> let's say we have a public network (192.168.7.0/24) and a private network
> (192.168.7.0/24) (that's not a typo) and a gateway (Moo) between the
> networks with eth0 being on the 192.168.7.0/25 network (connected to
> the public network) and eth1 192.168.7.128/25 network (connected to the
> private network).
>> so GoodClient can see Moo since its host address is below 128. BadClient
> cannot since its host address is above 128. And the private network is
> populated with GoodServers with host addresses above 128.

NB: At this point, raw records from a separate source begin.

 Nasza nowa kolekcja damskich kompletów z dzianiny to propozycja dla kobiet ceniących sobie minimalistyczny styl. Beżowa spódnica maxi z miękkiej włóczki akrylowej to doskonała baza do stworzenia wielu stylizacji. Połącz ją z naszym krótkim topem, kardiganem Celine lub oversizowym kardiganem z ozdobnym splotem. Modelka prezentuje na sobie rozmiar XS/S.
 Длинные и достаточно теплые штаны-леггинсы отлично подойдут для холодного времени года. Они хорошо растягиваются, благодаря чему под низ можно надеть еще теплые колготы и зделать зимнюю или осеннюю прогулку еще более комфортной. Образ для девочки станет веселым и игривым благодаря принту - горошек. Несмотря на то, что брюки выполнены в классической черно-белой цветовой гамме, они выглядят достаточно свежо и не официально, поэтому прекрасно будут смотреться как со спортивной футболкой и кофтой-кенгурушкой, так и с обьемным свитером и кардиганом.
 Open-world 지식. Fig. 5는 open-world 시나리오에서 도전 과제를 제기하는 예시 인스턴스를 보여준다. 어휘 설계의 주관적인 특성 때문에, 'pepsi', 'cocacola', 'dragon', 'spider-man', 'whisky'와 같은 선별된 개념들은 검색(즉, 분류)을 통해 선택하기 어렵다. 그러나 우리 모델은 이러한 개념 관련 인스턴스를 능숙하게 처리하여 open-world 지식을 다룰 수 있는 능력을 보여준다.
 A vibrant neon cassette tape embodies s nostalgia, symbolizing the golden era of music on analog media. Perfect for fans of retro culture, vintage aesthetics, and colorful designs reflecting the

>> and packets can't get across because there's no route between the public
> and private interfaces.
>> i am of the opinion that no packet can come in on the public interface
> and either get received by the private address or go out on the private
> network. paul disagrees.
If a machine on one side tries to send to a machine on the other
side, it will look at the IP address, see that it's the same subnet
and then do an ARP. Nothing will respond to that ARP, and the IP
layer will eventually return Destination Host Unreachable.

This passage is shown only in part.